The summer of 2019 rolls around and I have a modest futures bet on the Bruins I placed at MGM Grand in person in Las Vegas. The Bruins end up in the Stanley Cup finals, my parents are planning a trip to Vegas the week after the finals. I have this plan in my head of handing them the futures ticket and them cashing it in. “Wow, our son the genius predicted the future and he made some money at it.” Well, I didn’t really expect them to do that. The Bruins went down 3 games to 2 in the series after losing a tight game 5 by a score of 2-1. They had clawed their way back and forced a game 7 in Boston, this was it, the cards had fallen into place perfectly, and then the Bruins lost game 7.

With that bitter taste in my mouth, the next year was the Covid season, the playoffs happen in a bubble, the following year after that the NHL fully bends over for Canadian politics and enforces the strongest vaccine mandate of any sports league in North America, 100% gotta have it. I check out of hockey entirely, and in doing so miss what is now one of my favorite players, Nikita Kucherov, win consecutive Stanley Cups in 2020 and 2021. 2022 I see the Av’s win it and tip my cap, having been to several Av’s home games in person, but never as an Av’s fan, I was still pleased for them. 2023 is where I begin to increase my disinterest into peak levels — the Boston Bruins are back with a vengeance, they put up 135 points in the regular season, a then NHL record, and run away with the Presidents’ Trophy, the best record in the regular season. They take a commanding 3-1 series lead in the opening round against the Florida Panthers. The Panthers came back and won in 7 games, knocking the Bruins out — the best regular season in league history was meaningless. This was worse than any fumble the Sharks ever had. And to be clear, I wasn’t watching these games. I had no way to at the time, I was a fan who wasn’t willing to pay a hundred bucks a month for cable outside the NFL/College Football season, that also included the MLB postseason. My thoughts on hockey became, “This is stupid, the best teams don’t even win, it’s all about luck, this sport doesn’t even make sense, you can’t even see the puck go into the net half the time when someone does score.”

I not only didn’t watch another hockey game for three years after this, I didn’t even follow the sport, save for one Buffalo Sabres game I attended in person after relocating to their area, which was great live, but I wasn’t going to pay thirty bucks a month for MSG+ to watch the Sabres play — it just wasn’t going to happen.

2026, Team USA wins the Gold Medal at the Winter Olympics. I miss watching it live, but see the replay — 16 years after the heartbreak against Canada, we finally got it done. I was extremely proud, and as a lapsed hockey fan it piques a little interest. I hear a few names on the team and log them into memory, but I don’t try to watch any hockey. Then the Buffalo Sabres make the playoffs, first time in 14 years, and it’s the talk of Western New York. Tage Thompson, Team USA gold medalist, Arizona native — meaning much like me in Central California, he grew up in 110-degree-plus temperatures for much of the year — currently lives in Western New York. The parallels to me were significant.

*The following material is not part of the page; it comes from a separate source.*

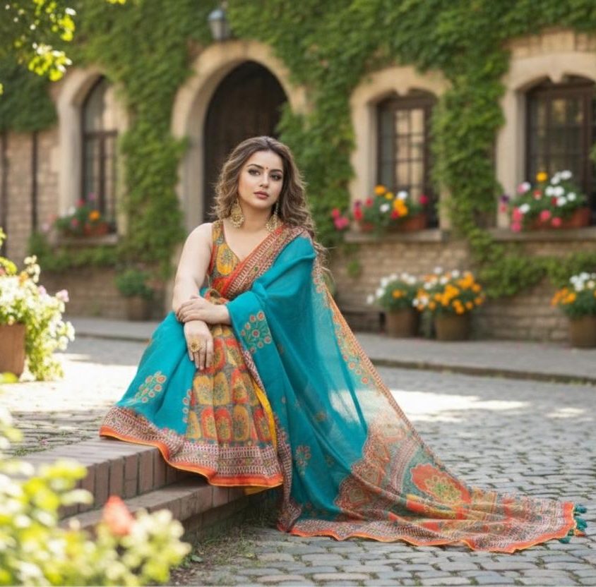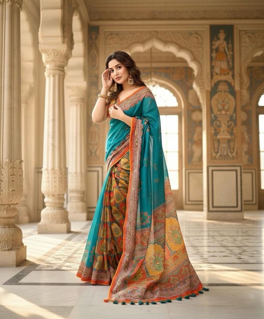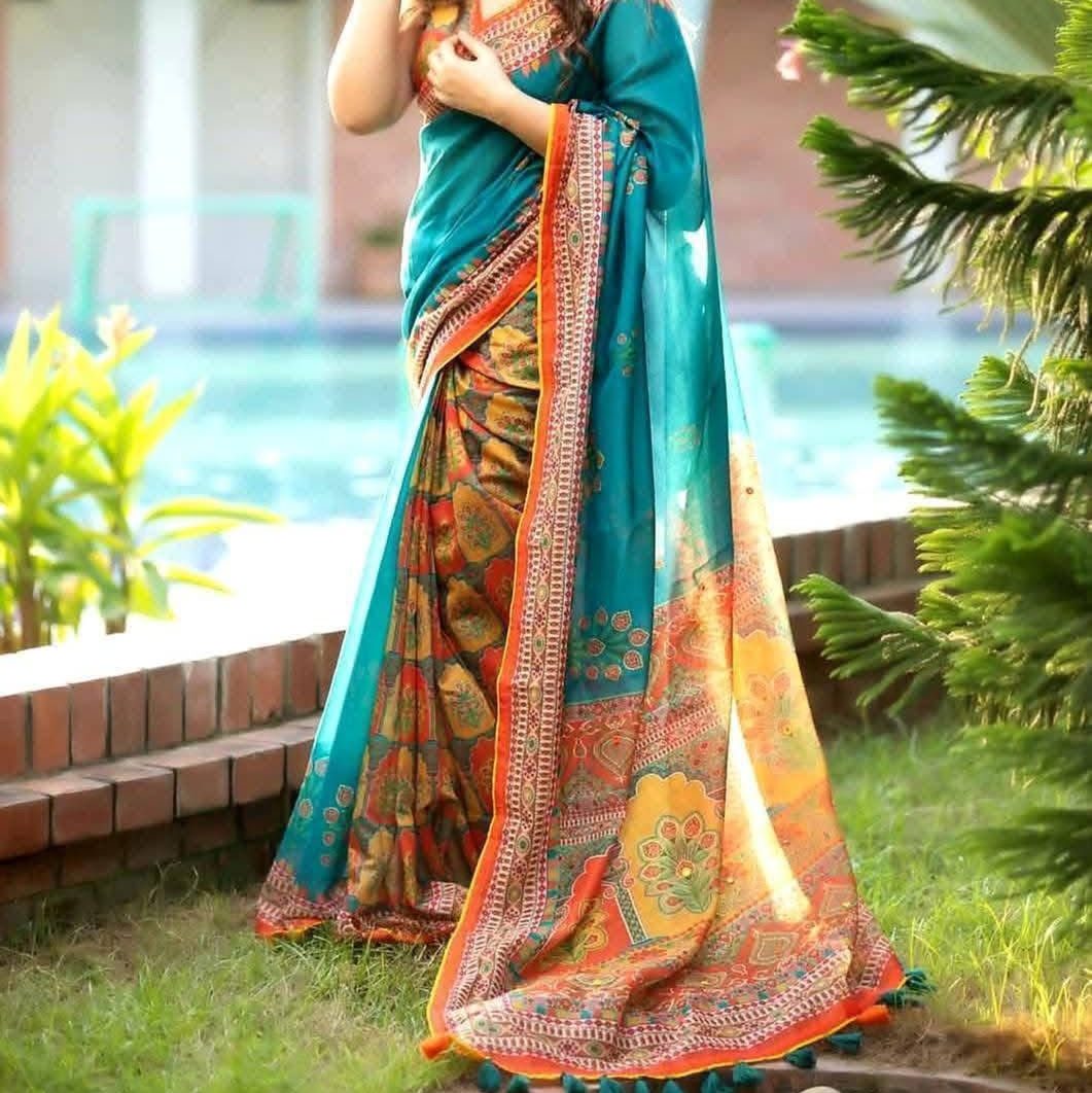 ডিজিটাল প্রিন্টেড সেমি মসলিন শাড়ি – এলিগ্যান্ট সি গ্রিন ও মাল্টিকালার ফ্লোরাল ডিজাইন

The Sabres knock out the Bruins in the first round. Pastrnak is still in Boston, but the team is a shell of its 2023 self. The Sabres make it to game 7 of the second round against Montreal — the Montreal Canadiens, the greatest heel team in sports to me outside the New York Yankees. 24 Stanley Cups, from Quebec, the French spelling of the name, the 21,000-seat arena with the fans singing “olé” chants — I can’t stand them, but I absolutely respect them. And I think they’re great for hockey, rivalries matter, and they’re an excellent one for Buffalo and Boston to have.

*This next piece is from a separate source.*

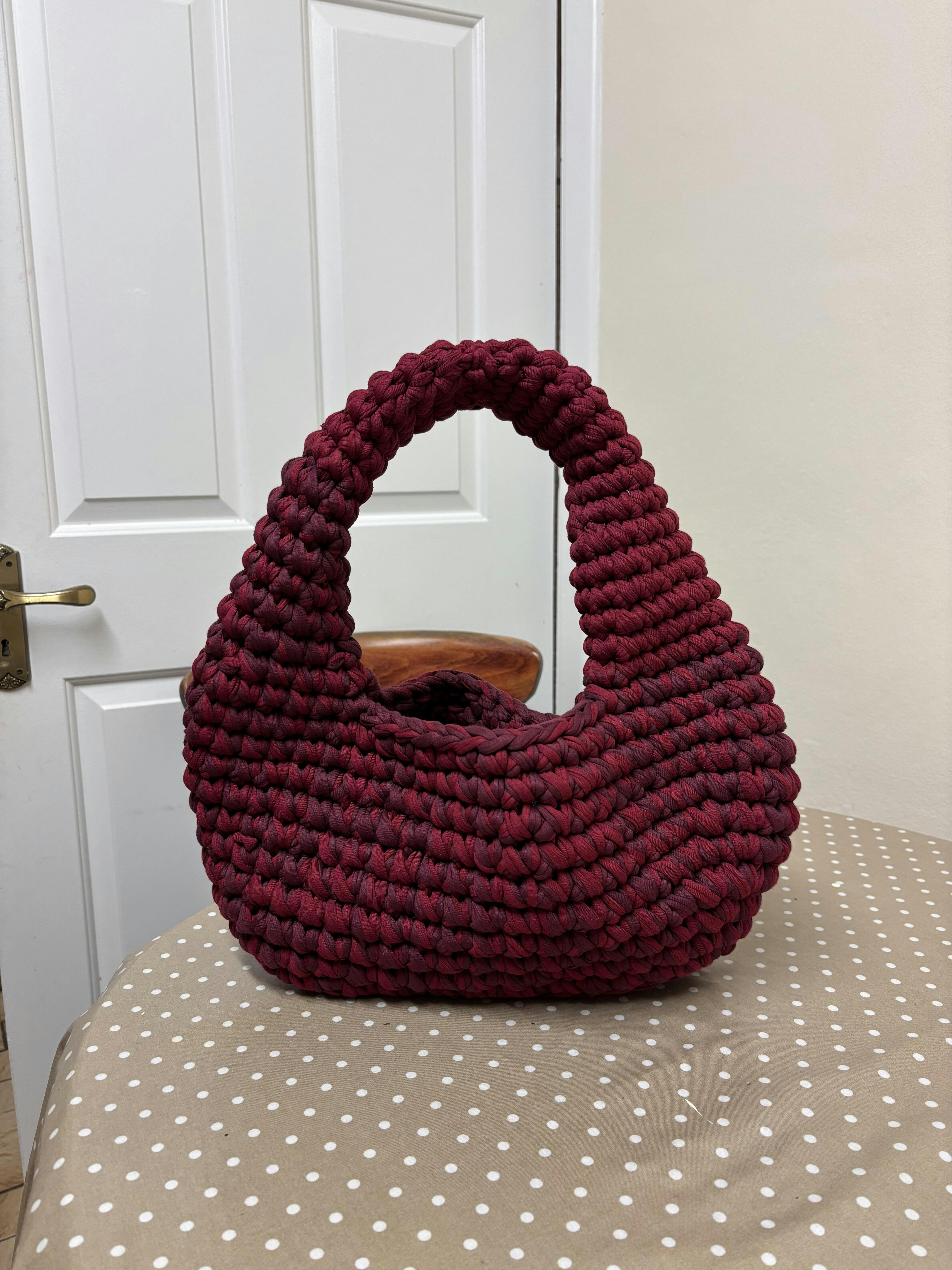 The Maxi Egg: 185m of T-shirt yarn (approximate). Width at widest point: approximately 16.5 inches. Length with strap: approximately 18 inches. 10mm hook.

Through this point of the playoffs, I’m still just reading newspaper clippings and catching social media highlights, but we are arriving at the perfect storm that drew me back into hockey — this time in a way that didn’t just make me a casual fan again, it “unlocked” the sport for me.

This may sound like a paid advertisement, it’s not — if a certain Alphabet Corporation wanted it to be, they can send me a number, as long as it’s not zero I’ll probably say yes. YouTube TV launches their long-awaited skinny sports bundle. Introductory price of 55 bucks a month, jumping to 65 a month after one year, to include ESPN Unlimited content integration (that means out of market NHL games) by the fall. It has essentially everything you need to be an American sports fan for the big four leagues and college football. (Yes, I hear you, Amazon Prime, Peacock, Netflix, Paramount Plus, and their exclusive games and rights fragmentation. I get it, I get it, I really do. But as of right now it’s a great value for a hockey fan.) All the TV networks, the ESPN suite, Fox and NBC Sports channels. In the back of my mind I decide I’ll subscribe when the World Cup rolls around, and just carry it through football season and probably from then on.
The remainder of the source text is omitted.